An exact copy of the lines of the listing below between the "Сегодня состоялась встреча" line and the "وَإِقْبَاضٍ، فَإِنْ بَدَأَ" line, both included, is the whole answer; please omit the pictures.

ENTRIES PROVIDED:
● ● ● ● ●

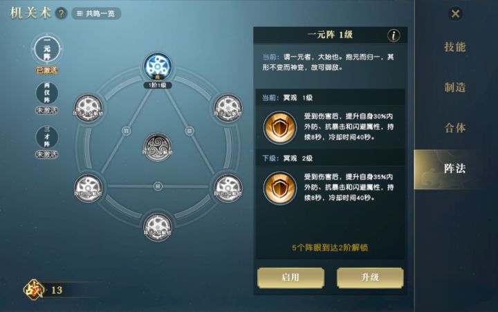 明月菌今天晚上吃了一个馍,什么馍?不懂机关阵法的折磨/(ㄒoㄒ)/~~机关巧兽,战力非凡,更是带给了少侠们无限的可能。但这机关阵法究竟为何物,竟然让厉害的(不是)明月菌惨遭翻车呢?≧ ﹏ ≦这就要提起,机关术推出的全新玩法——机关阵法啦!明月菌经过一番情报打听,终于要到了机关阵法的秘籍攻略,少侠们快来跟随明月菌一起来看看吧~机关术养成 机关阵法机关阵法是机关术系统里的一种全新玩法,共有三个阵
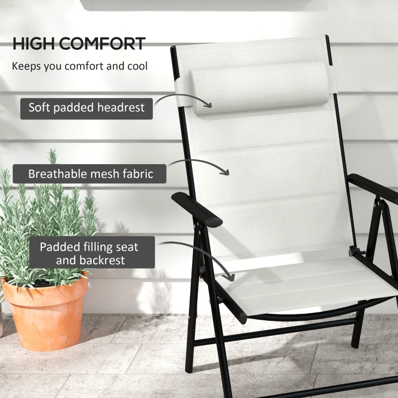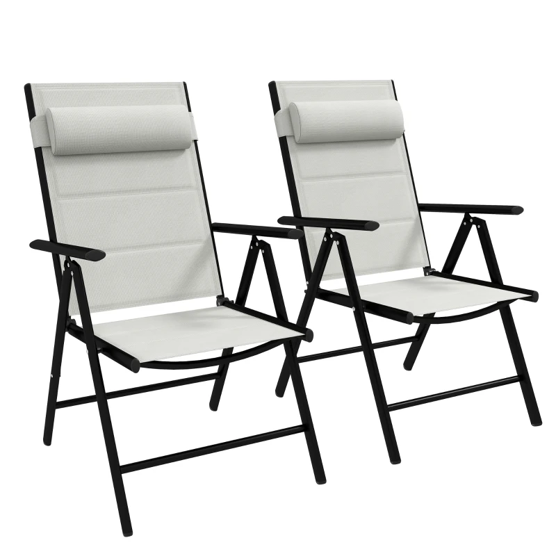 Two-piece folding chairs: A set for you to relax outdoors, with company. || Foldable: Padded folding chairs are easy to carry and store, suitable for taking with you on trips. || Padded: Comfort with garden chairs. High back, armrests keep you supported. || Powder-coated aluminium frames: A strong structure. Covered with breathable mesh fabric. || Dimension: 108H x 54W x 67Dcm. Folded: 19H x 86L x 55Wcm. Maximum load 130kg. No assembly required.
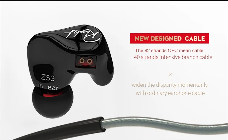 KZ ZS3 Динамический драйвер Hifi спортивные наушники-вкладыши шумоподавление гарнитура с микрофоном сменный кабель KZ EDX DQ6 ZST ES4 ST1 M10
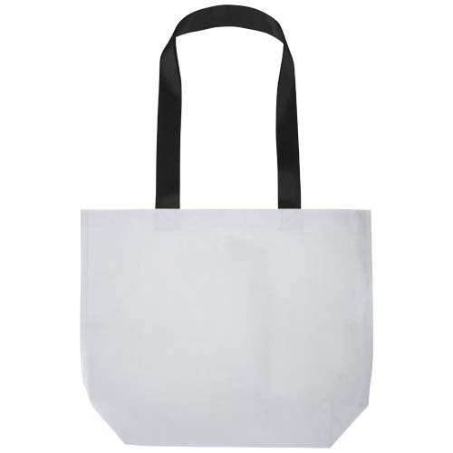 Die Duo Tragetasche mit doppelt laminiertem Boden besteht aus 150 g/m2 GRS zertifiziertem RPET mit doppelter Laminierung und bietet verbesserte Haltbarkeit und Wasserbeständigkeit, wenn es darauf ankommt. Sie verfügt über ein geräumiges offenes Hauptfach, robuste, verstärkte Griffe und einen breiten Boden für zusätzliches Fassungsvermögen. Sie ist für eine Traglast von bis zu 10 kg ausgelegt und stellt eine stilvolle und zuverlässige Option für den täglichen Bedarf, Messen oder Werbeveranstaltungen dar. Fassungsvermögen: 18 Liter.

● ● ● ● ●

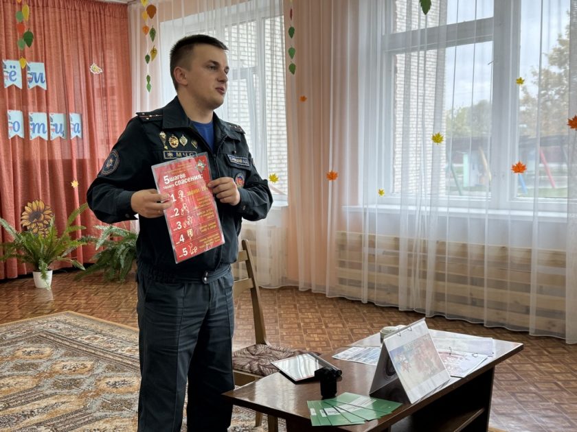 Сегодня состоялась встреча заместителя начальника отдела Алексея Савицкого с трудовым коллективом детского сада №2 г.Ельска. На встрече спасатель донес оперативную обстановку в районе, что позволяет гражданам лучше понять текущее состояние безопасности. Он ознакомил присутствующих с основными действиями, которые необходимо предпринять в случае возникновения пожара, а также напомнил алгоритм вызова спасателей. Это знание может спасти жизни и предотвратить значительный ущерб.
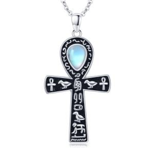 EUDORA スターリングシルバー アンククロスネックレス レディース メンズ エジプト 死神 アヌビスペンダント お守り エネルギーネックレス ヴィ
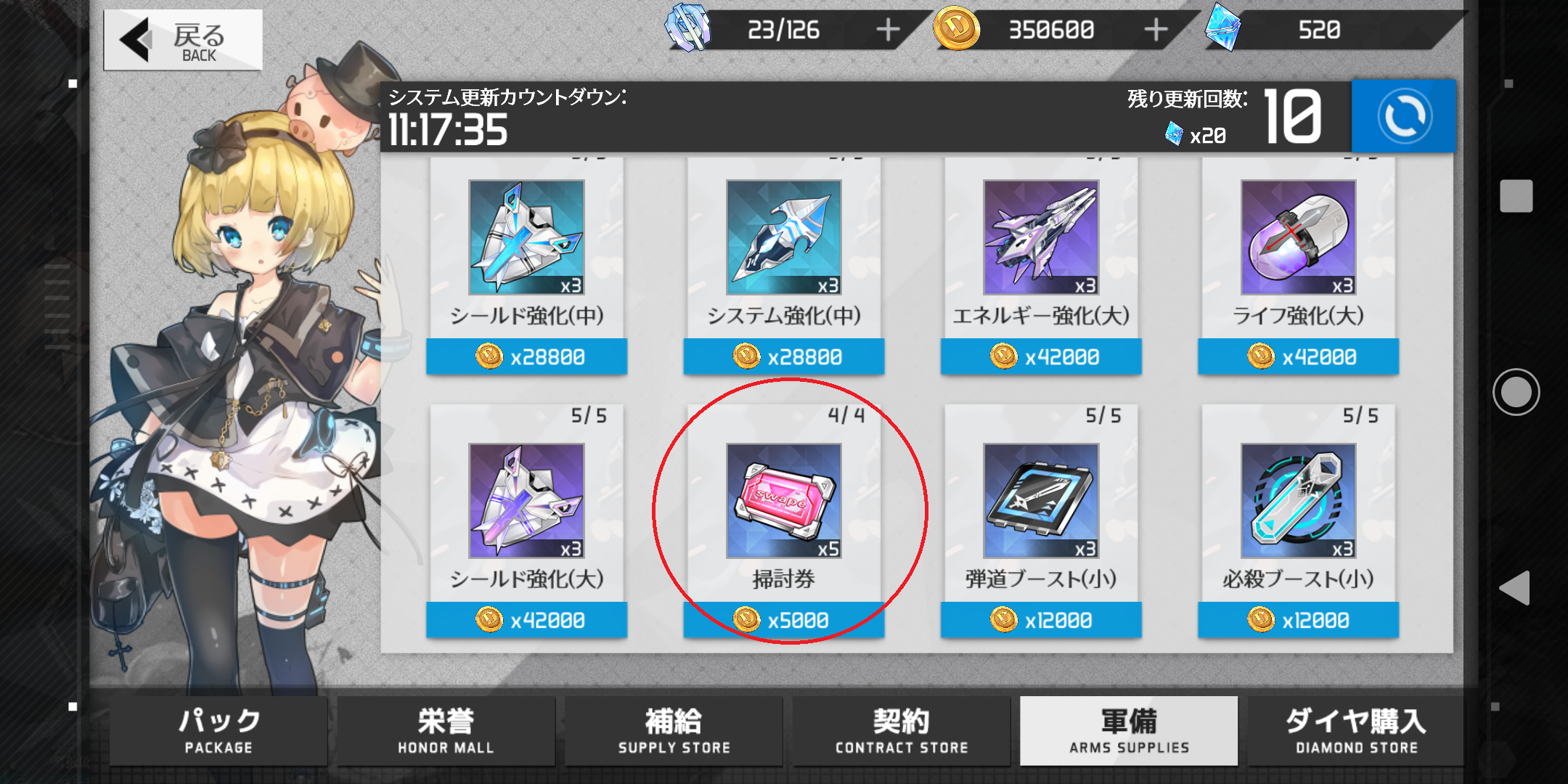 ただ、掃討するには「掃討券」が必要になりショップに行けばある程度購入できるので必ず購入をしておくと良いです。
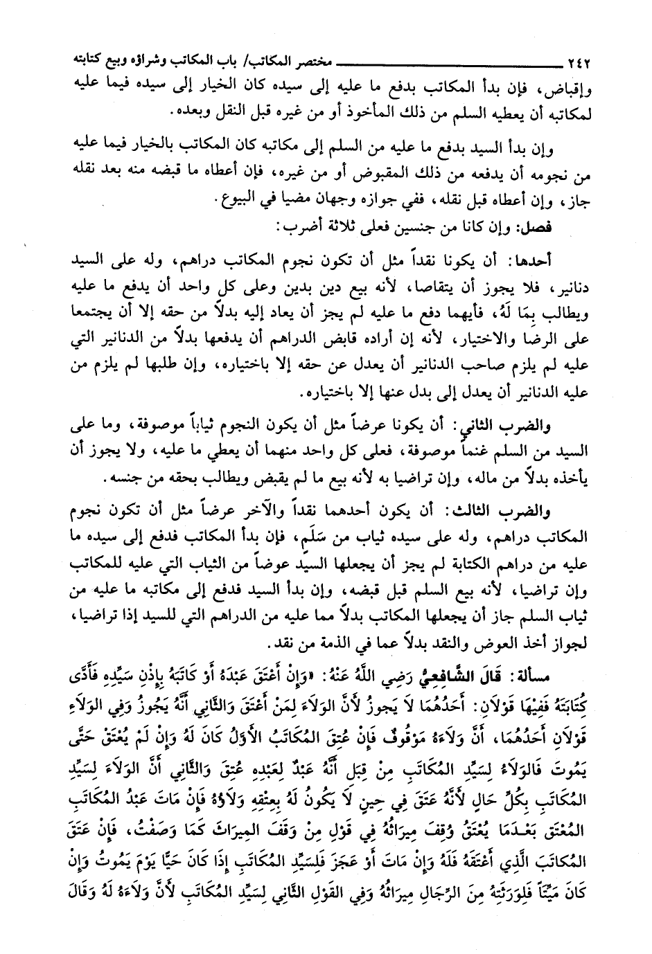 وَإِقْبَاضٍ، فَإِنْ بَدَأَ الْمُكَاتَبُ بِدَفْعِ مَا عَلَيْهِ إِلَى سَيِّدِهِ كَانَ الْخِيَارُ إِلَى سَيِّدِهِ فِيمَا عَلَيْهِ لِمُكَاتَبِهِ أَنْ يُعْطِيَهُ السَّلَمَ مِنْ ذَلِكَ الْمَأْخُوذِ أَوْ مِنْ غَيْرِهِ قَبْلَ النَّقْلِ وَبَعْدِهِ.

● ● ● ● ●

OUTPUT FOR THIS EXERCISE:
 Сегодня состоялась встреча заместителя начальника отдела Алексея Савицкого с трудовым коллективом детского сада №2 г.Ельска. На встрече спасатель донес оперативную обстановку в районе, что позволяет гражданам лучше понять текущее состояние безопасности. Он ознакомил присутствующих с основными действиями, которые необходимо предпринять в случае возникновения пожара, а также напомнил алгоритм вызова спасателей. Это знание может спасти жизни и предотвратить значительный ущерб.
 EUDORA スターリングシルバー アンククロスネックレス レディース メンズ エジプト 死神 アヌビスペンダント お守り エネルギーネックレス ヴィ
 ただ、掃討するには「掃討券」が必要になりショップに行けばある程度購入できるので必ず購入をしておくと良いです。
 وَإِقْبَاضٍ، فَإِنْ بَدَأَ الْمُكَاتَبُ بِدَفْعِ مَا عَلَيْهِ إِلَى سَيِّدِهِ كَانَ الْخِيَارُ إِلَى سَيِّدِهِ فِيمَا عَلَيْهِ لِمُكَاتَبِهِ أَنْ يُعْطِيَهُ السَّلَمَ مِنْ ذَلِكَ الْمَأْخُوذِ أَوْ مِنْ غَيْرِهِ قَبْلَ النَّقْلِ وَبَعْدِهِ.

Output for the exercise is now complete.